Advertisement
Advertisement
Belarus
Get more with myNEWS
A personalised news feed of stories that matter to you
Learn more
Despite having the world’s biggest foreign exchange reserves, China still pegs its currency to the US dollar. Photo: Reuters

Why does China still have a ‘pegged’ currency, like those of Iran, Laos, Belarus?

Time is ripe for world’s second-largest economy to cut the ties that bind yuan to the US dollar, expert says

Belarus

China should finally free its currency from the US dollar peg to which it has been tied for more than 30 years, a leading Chinese economist said.

As the world’s second-largest economy, it was no longer appropriate for the country to have an exchange rate system akin to those used by Iran, Belarus, Ethiopia, Uzbekistan or Laos, Yu Yongding, was quoted as saying in an interview published on Monday by China Securities Journal.

The long time advocate for a market-based exchange rate system – he was an adviser to the People’s Bank of China when in 2005 it first announced plans to free the yuan from the dollar – said it was time for the current “soft pegging” system to be discontinued.

“The time to turn to a free float [yuan] exchange rate is basically ripe after more than 20 years of trials,” the senior research fellow at the Chinese Academy of Social Sciences said.

The present economic conditions – stable economic growth, reduced capital outflows and lower expectations of a yuan depreciation – were ideal for Beijing to complete “the historic mission” and let the market, not the central bank, finally decide the currency’s value.

China’s exchange rate system can be traced back to 1994, when Beijing unified several existing values and “pegged” its currency at 8.70 yuan to the US dollar.

In 2005, the government said it wanted to liberalise the currency and promptly devalued the currency by 2 per cent. Despite that first move, China has never fully succeeded in removing its ties to the US dollar.

The government continues to maintain strict controls on the yuan’s movement – allowing it to appreciate or depreciate just 2 per cent from a “midpoint price” set daily by the central bank. Earlier this year, the People’s Bank of China adopted a “counter cyclical factor”, which gives it – rather than the market – even greater ability to control the currency’s value.

In August 2015, Beijing again devalued the yuan by 2 per cent in a move originally aimed to better align the exchange rate with the market. However, the move, which came amid a stock market rout, amplified fears about China’s economy and caused an exodus of funds, Yu said.

“It was an important attempt towards a floating system, and the direction was correct,” he said.
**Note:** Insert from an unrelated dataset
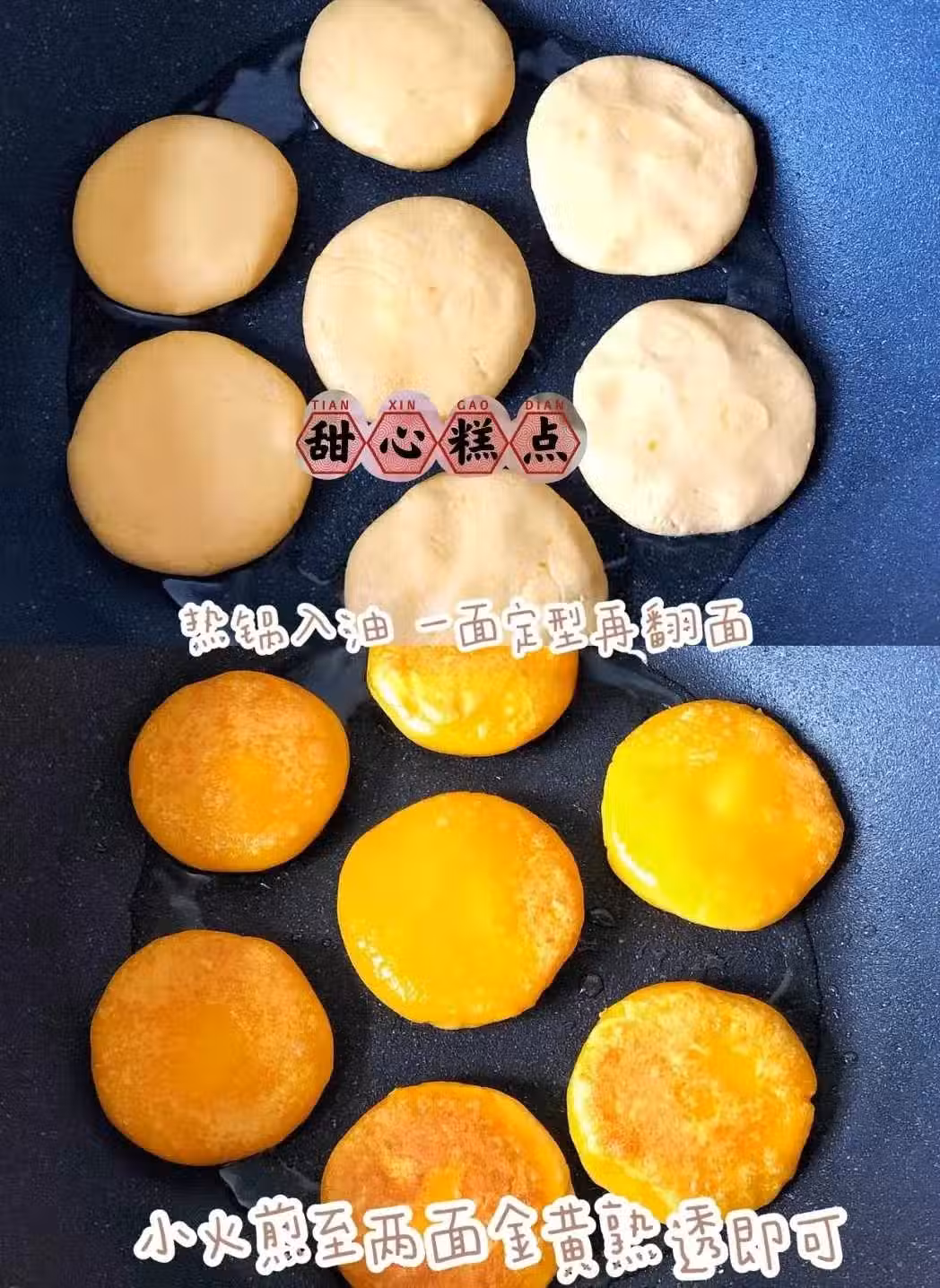 3⃣️、平底鍋加熱入油,小火煎制兩面金黃色完成

“In hindsight, had China chosen a better time or ... insisted on liberalisation amid heightened yuan depreciation expectations ... [it] would have basically completed its exchange rate reform by now.”
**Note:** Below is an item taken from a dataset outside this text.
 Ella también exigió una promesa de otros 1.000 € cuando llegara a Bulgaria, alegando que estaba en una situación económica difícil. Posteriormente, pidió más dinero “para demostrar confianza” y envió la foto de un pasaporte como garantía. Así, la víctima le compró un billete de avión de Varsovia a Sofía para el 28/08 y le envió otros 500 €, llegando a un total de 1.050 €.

Beijing’s heavy handed control of the yuan has made it a target for criticism among its trading partners.

US President Donald Trump has accused Beijing of manipulating the value of its currency to gain trade advantages, though the US Treasury has yet to formally label China a currency manipulator.

The International Monetary Fund, which awarded nominal reserve currency status to the yuan last year, has also pressed China to continue with its yuan liberalisation.

China’s central bank has said repeatedly it was moving towards a “managed floating yuan exchange rate system” and was engineering a gradual appreciation of the yuan against the dollar. On Tuesday, it raised the official yuan midpoint for the seventh straight session, to 6.537 per dollar, the strongest level since May 18, 2016.

But that is not enough for Yu. As the world’s largest commodity trader and holder of the world’s biggest foreign exchange reserves, it was no longer right for China to allow its currency to be linked to the US dollar, he said.

It was time for the “relevant authorities” to seize the opportunity and set it free, he said.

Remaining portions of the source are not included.